# Stubborn 9 month old. Help!! She's making me crazy!



## Pixie (Jun 13, 2012)

I have a 11 month old pouppy and recognize a lot of her in your Bella. They look so cute and are so adorable that sometimes it is easy for us not to be stricked with them.

For waht you mention I have the feeling that she doesn't really know the house rules yet! The best way to teach her in my opinion is:

1) Never let her do a bad thing. Meaning that if she likes to dg in the trash can you simply block her access to the trash. If she eats food from the counter you never leave food in there. The more she does this things, the more she reinforces them and the more she thinks it is ok and awesome to do so. Rule number one, if you should not do it I will not give you the chance to do it. My state of mind is always, if you did it is my fault.

2) Reaward all good behaviours. Teach her what she can do and make a party when she does it. I know that with a todler is even more dificult to keep the eyes on the pup, but when they are together it is a MUST! Dont let her roam free in the house to bully your kid. Teach her to be kind with him. Put her on a leash the first times and teach her not to steal food.

All of this is easier siad than done, I know and it takes time to get there. She wont learn it in a day, week or even month! I have been working with Pixie for months in some things and only now I see a bit of a light at the end of the tunnel. It is a long dark tunnel, but be consistent and you will see the light soon.

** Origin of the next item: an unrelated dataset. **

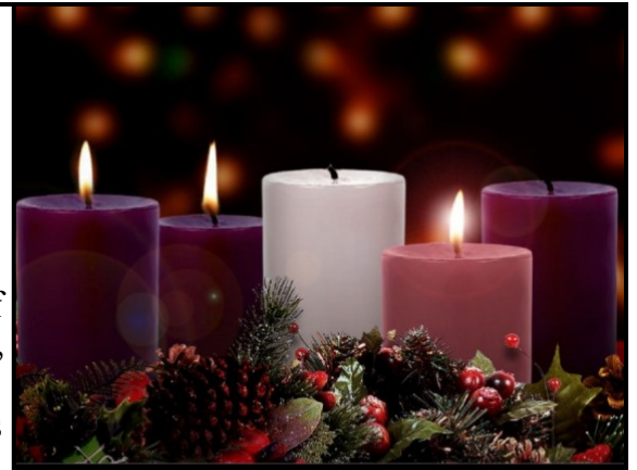
Gaudete Sunday: The Third Sunday in Advent

The word "Gaudete" is Latin for "Rejoice." This celebration is a reminder that God who loves us is still in charge and that we await his coming not with fear, but with tremendous joy. Today's Second Reading, from the First Letter of St. Paul to the Thessalonians, reflects this joy: "Brothers and sisters: Rejoice always. Pray without ceasing. In all circumstances give thanks, for this is the will of God for you in Christ Jesus."

I am pretty sure you will get nice tips from some ppl here (not so long ago there was apost agor raisong kids and puppys, try to take a look at it). Let us know how is it going


----------



## Charliethree (Jul 18, 2010)

Bless you for adopting a rescue! Sounds like she is still settling in and super excited about life. It take a fair bit of time for a rescue to become 'settled' emotionally in their new home, new environment, new people, new 'rules'. It takes some time to teach and for them to figure out our expectations of them. And they can be a bit 'clingy', not wanting you out of sight, for a while, it feels 'safer' for them. Be calm, be consistent. Work on 'stay' up close, to start with, have her in a down or sit, cue her to stay, feed her treats while she is in the stay, stop feeding the treats, and release with 'okay' 'all done'. With stay, it takes some time for them to understand that they are to remain in position until you release them. So in the beginning, keep the 'stay' very short, reward while she is holding, and remember to 'release'. Gradually increase the time she is to hold it, then gradually build distractions and then distance. 
Consider that an hour of playtime may not be enough exercise. Take her on leash walks, at least a couple of times a day, work her brain by rehearsing and rewarding basic skills and behaviors you do like -the more she understands what you do want the more settled she will become.
Prevention and management is key: Food stealing and garbage raiding are self rewarding activities. Prevent (for her safety)her from getting into the garbage by preventing access. Use a garbage can with a tight fitting lid or putting it in a closet or another room behind a closed door. When changing your toddler , send her to her bed or have her in a down, or block access to the room you are using if need be.


----------



## MikaTallulah (Jul 19, 2006)

Sounds like a 9 month old puppy to me- The terrible teens.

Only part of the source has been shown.